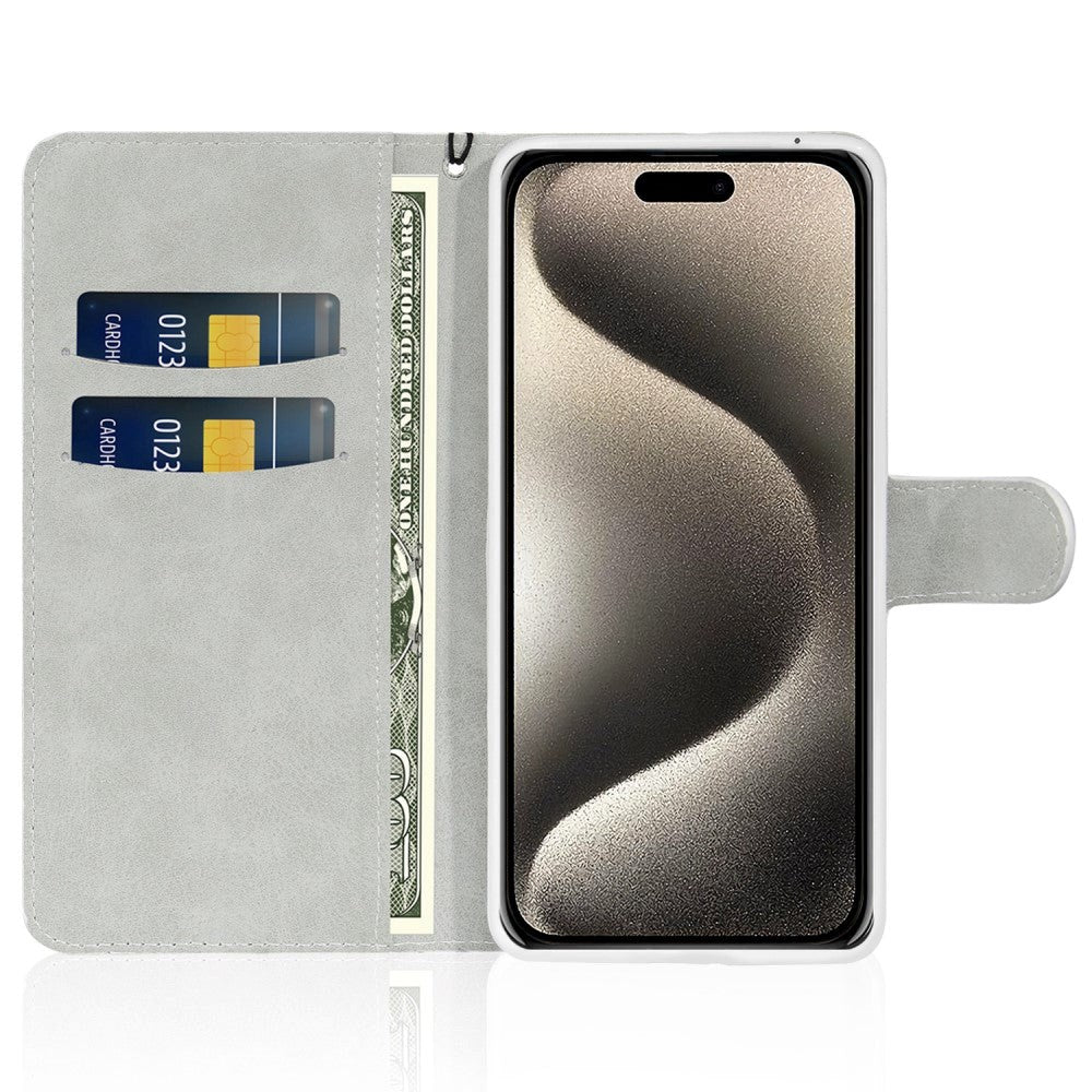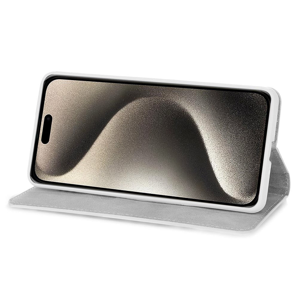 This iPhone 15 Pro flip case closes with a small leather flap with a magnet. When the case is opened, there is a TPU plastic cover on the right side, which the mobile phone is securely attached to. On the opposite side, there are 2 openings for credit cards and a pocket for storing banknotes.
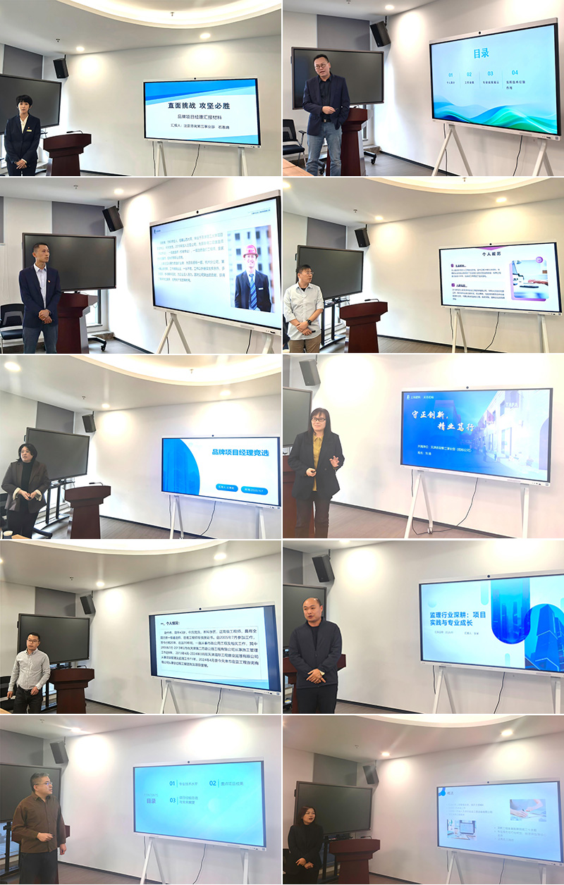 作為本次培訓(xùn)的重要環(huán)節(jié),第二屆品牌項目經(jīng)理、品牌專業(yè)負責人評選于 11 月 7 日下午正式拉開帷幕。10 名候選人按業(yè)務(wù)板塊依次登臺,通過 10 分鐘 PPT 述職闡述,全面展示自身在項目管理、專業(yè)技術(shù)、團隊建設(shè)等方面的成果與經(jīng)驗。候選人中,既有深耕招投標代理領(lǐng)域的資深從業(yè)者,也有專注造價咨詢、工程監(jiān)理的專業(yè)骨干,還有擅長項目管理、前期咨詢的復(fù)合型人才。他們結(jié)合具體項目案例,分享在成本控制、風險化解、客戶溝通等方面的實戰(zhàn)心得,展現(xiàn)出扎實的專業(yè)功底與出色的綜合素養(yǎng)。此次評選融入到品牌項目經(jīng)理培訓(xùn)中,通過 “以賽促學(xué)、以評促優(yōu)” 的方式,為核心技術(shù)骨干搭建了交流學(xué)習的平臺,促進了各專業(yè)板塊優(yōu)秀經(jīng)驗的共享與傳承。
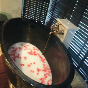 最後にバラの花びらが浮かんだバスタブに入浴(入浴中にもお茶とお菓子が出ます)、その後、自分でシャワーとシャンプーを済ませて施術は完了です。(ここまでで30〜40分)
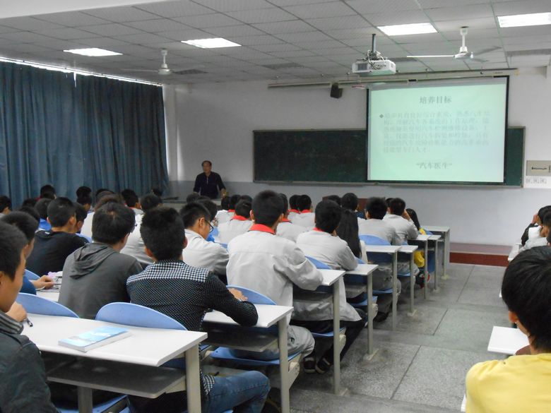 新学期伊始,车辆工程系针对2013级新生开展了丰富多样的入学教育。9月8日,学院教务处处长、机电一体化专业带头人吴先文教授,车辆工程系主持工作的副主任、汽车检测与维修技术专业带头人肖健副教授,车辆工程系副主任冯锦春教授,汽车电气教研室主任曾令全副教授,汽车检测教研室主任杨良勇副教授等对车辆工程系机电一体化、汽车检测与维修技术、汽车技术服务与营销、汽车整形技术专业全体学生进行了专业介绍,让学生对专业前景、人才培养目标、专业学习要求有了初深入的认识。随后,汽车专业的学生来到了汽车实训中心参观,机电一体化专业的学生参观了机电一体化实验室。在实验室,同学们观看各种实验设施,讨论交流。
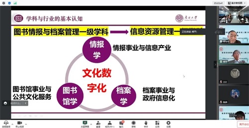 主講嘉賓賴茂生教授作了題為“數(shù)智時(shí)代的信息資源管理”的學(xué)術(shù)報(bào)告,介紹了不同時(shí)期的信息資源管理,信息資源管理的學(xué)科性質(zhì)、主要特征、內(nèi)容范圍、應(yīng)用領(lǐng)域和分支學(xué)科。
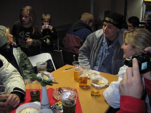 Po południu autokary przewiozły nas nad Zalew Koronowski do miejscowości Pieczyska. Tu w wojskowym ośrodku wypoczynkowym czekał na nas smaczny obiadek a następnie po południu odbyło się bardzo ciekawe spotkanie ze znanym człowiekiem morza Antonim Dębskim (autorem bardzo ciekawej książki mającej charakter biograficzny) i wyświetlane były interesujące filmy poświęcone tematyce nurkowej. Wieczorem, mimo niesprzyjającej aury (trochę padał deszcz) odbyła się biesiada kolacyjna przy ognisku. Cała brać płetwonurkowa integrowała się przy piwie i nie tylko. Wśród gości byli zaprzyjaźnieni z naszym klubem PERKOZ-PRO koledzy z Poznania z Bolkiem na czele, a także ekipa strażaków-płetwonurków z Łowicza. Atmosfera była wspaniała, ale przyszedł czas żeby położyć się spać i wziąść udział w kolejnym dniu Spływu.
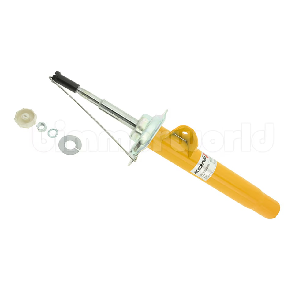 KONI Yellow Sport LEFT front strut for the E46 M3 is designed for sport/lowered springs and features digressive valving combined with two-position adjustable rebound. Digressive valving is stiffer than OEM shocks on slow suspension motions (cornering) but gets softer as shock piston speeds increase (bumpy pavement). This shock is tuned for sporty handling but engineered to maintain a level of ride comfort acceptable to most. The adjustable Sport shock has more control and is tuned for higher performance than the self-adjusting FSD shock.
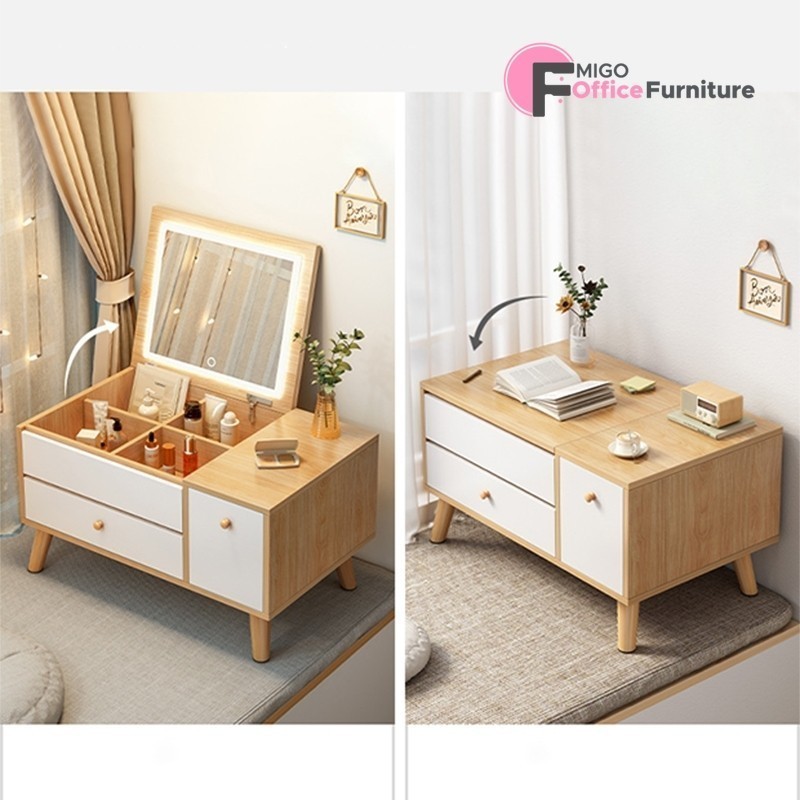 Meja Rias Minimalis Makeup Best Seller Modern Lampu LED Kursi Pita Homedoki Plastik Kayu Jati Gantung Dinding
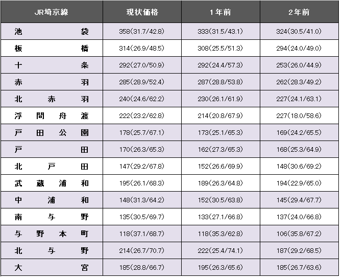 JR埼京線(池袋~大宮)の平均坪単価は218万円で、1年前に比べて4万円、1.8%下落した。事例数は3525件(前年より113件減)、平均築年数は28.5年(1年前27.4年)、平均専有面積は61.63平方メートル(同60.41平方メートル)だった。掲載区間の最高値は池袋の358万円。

— Problem —
Drop the images and return the data verbatim.

— Task result —
 This iPhone 15 Pro flip case closes with a small leather flap with a magnet. When the case is opened, there is a TPU plastic cover on the right side, which the mobile phone is securely attached to. On the opposite side, there are 2 openings for credit cards and a pocket for storing banknotes.
 作為本次培訓(xùn)的重要環(huán)節(jié),第二屆品牌項目經(jīng)理、品牌專業(yè)負責人評選于 11 月 7 日下午正式拉開帷幕。10 名候選人按業(yè)務(wù)板塊依次登臺,通過 10 分鐘 PPT 述職闡述,全面展示自身在項目管理、專業(yè)技術(shù)、團隊建設(shè)等方面的成果與經(jīng)驗。候選人中,既有深耕招投標代理領(lǐng)域的資深從業(yè)者,也有專注造價咨詢、工程監(jiān)理的專業(yè)骨干,還有擅長項目管理、前期咨詢的復(fù)合型人才。他們結(jié)合具體項目案例,分享在成本控制、風險化解、客戶溝通等方面的實戰(zhàn)心得,展現(xiàn)出扎實的專業(yè)功底與出色的綜合素養(yǎng)。此次評選融入到品牌項目經(jīng)理培訓(xùn)中,通過 “以賽促學(xué)、以評促優(yōu)” 的方式,為核心技術(shù)骨干搭建了交流學(xué)習的平臺,促進了各專業(yè)板塊優(yōu)秀經(jīng)驗的共享與傳承。
 最後にバラの花びらが浮かんだバスタブに入浴(入浴中にもお茶とお菓子が出ます)、その後、自分でシャワーとシャンプーを済ませて施術は完了です。(ここまでで30〜40分)
 新学期伊始,车辆工程系针对2013级新生开展了丰富多样的入学教育。9月8日,学院教务处处长、机电一体化专业带头人吴先文教授,车辆工程系主持工作的副主任、汽车检测与维修技术专业带头人肖健副教授,车辆工程系副主任冯锦春教授,汽车电气教研室主任曾令全副教授,汽车检测教研室主任杨良勇副教授等对车辆工程系机电一体化、汽车检测与维修技术、汽车技术服务与营销、汽车整形技术专业全体学生进行了专业介绍,让学生对专业前景、人才培养目标、专业学习要求有了初深入的认识。随后,汽车专业的学生来到了汽车实训中心参观,机电一体化专业的学生参观了机电一体化实验室。在实验室,同学们观看各种实验设施,讨论交流。
 主講嘉賓賴茂生教授作了題為“數(shù)智時(shí)代的信息資源管理”的學(xué)術(shù)報(bào)告,介紹了不同時(shí)期的信息資源管理,信息資源管理的學(xué)科性質(zhì)、主要特征、內(nèi)容范圍、應(yīng)用領(lǐng)域和分支學(xué)科。
 Po południu autokary przewiozły nas nad Zalew Koronowski do miejscowości Pieczyska. Tu w wojskowym ośrodku wypoczynkowym czekał na nas smaczny obiadek a następnie po południu odbyło się bardzo ciekawe spotkanie ze znanym człowiekiem morza Antonim Dębskim (autorem bardzo ciekawej książki mającej charakter biograficzny) i wyświetlane były interesujące filmy poświęcone tematyce nurkowej. Wieczorem, mimo niesprzyjającej aury (trochę padał deszcz) odbyła się biesiada kolacyjna przy ognisku. Cała brać płetwonurkowa integrowała się przy piwie i nie tylko. Wśród gości byli zaprzyjaźnieni z naszym klubem PERKOZ-PRO koledzy z Poznania z Bolkiem na czele, a także ekipa strażaków-płetwonurków z Łowicza. Atmosfera była wspaniała, ale przyszedł czas żeby położyć się spać i wziąść udział w kolejnym dniu Spływu.
 KONI Yellow Sport LEFT front strut for the E46 M3 is designed for sport/lowered springs and features digressive valving combined with two-position adjustable rebound. Digressive valving is stiffer than OEM shocks on slow suspension motions (cornering) but gets softer as shock piston speeds increase (bumpy pavement). This shock is tuned for sporty handling but engineered to maintain a level of ride comfort acceptable to most. The adjustable Sport shock has more control and is tuned for higher performance than the self-adjusting FSD shock.
 Meja Rias Minimalis Makeup Best Seller Modern Lampu LED Kursi Pita Homedoki Plastik Kayu Jati Gantung Dinding
 JR埼京線(池袋~大宮)の平均坪単価は218万円で、1年前に比べて4万円、1.8%下落した。事例数は3525件(前年より113件減)、平均築年数は28.5年(1年前27.4年)、平均専有面積は61.63平方メートル(同60.41平方メートル)だった。掲載区間の最高値は池袋の358万円。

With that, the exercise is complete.